There is no standard therapy for OREM. Most of the treatments that have been used to treat acute disseminated encephalomyelitis have some effect of suppressing the activity of the immune system (immunosuppressive therapy). Such treatments include the use of:

• corticosteroid medications;
• intravenous immunoglobulin therapy;
• plasmapheresis (a procedure for taking blood, cleaning it and returning it back to the bloodstream).

For the treatment of people with AREM, they are usually used high doses of corticosteroids and this is usually considered the mainstay of therapy. Corticosteroids have been shown to improve symptoms in many cases. Methylprednisolone is the most commonly used corticosteroid drug for treating people with AREM.

However, there are significant differences in the specific forms, routes of administration, dosage and tapering schedule in the treatment of patients with corticosteroids. In addition, high doses of corticosteroids can cause significant side effects in some patients.

Intravenous immunoglobuin therapy is used to treat certain individuals with AREM who are unresponsive or cannot tolerate corticosteroid therapy. Intravenous immunoglobuin is a concentrated solution of antibodies extracted from the blood of healthy donors. This therapy is used to treat various autoimmune diseasesbecause it can neutralize the action of autoantibodies, which are antibodies that mistakenly attack healthy tissue.

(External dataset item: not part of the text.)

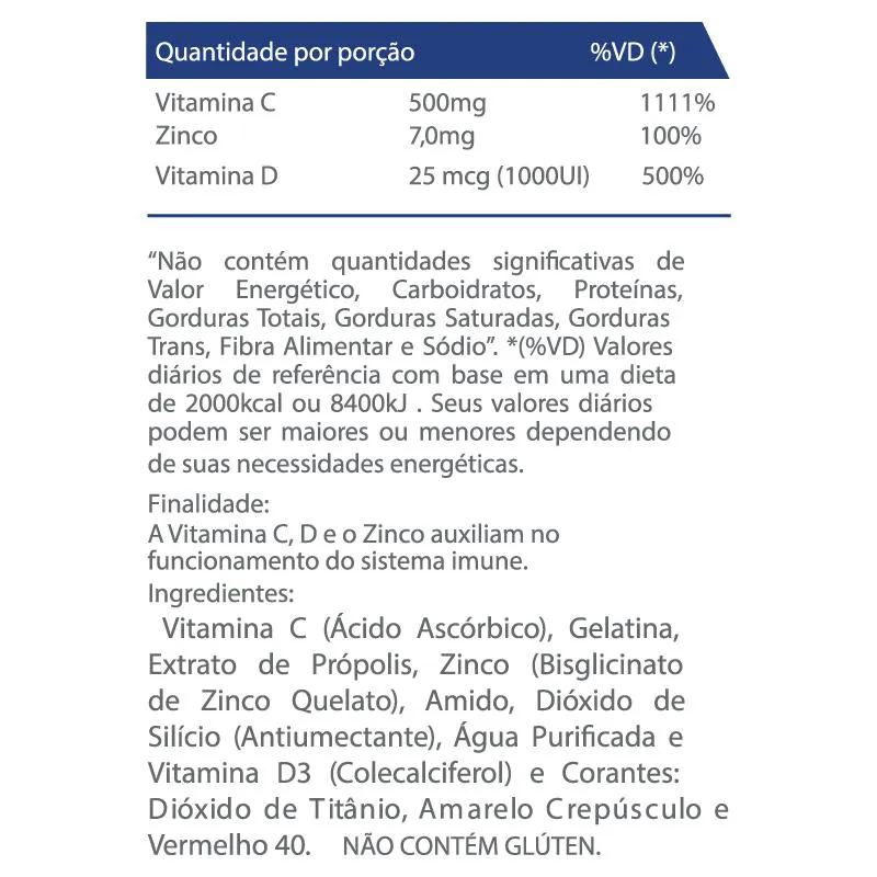 VItamina c (ácido ascórbico), gelatina, extrato de própolis, zinco (bisglicinato de zinco), amido, dióxido de silício (antiumectante), água purificada e vitamina d3 (colecalciferol) e corantes: dióxido de titânio, amarelo crepúsculo e vermelho 40. Não contém Glúten.

Plasmapheresis has also been used to treat people not responding to other forms of therapy. However, its use has only been described in a few specific cases. Plasmapheresis is a procedure, a method of removing unwanted substances (toxins, metabolic substances and parts of plasma) from the blood. The blood is removed from the patient and the blood cells are separated from the plasma. The patient's plasma is then replaced with another person's plasma and the blood is returned to the patient.

Forecast at wholesale electricity market

Corticosteroid therapy usually helps speed recovery from most symptoms of acute disseminated encephalomyelitis. The long-term prognosis for people with WECM is generally favorable. For most people, recovery begins within a few days, and within six months, most patients with AREM will have a complete or near complete recovery. Others may have mild to moderate life-long impairments, ranging from cognitive problems, weakness, vision loss, or numbness.

Severe cases of acute disseminated encephalomyelitis can be fatal, but this is very rare. AREM can recur, usually within a few months after the initial diagnosis, and is treated by restarting corticosteroid therapy. A small proportion of people who have been diagnosed with AREM may subsequently develop multiple sclerosis, but in there is currently no method or known risk factors to predict which patients she is will affect.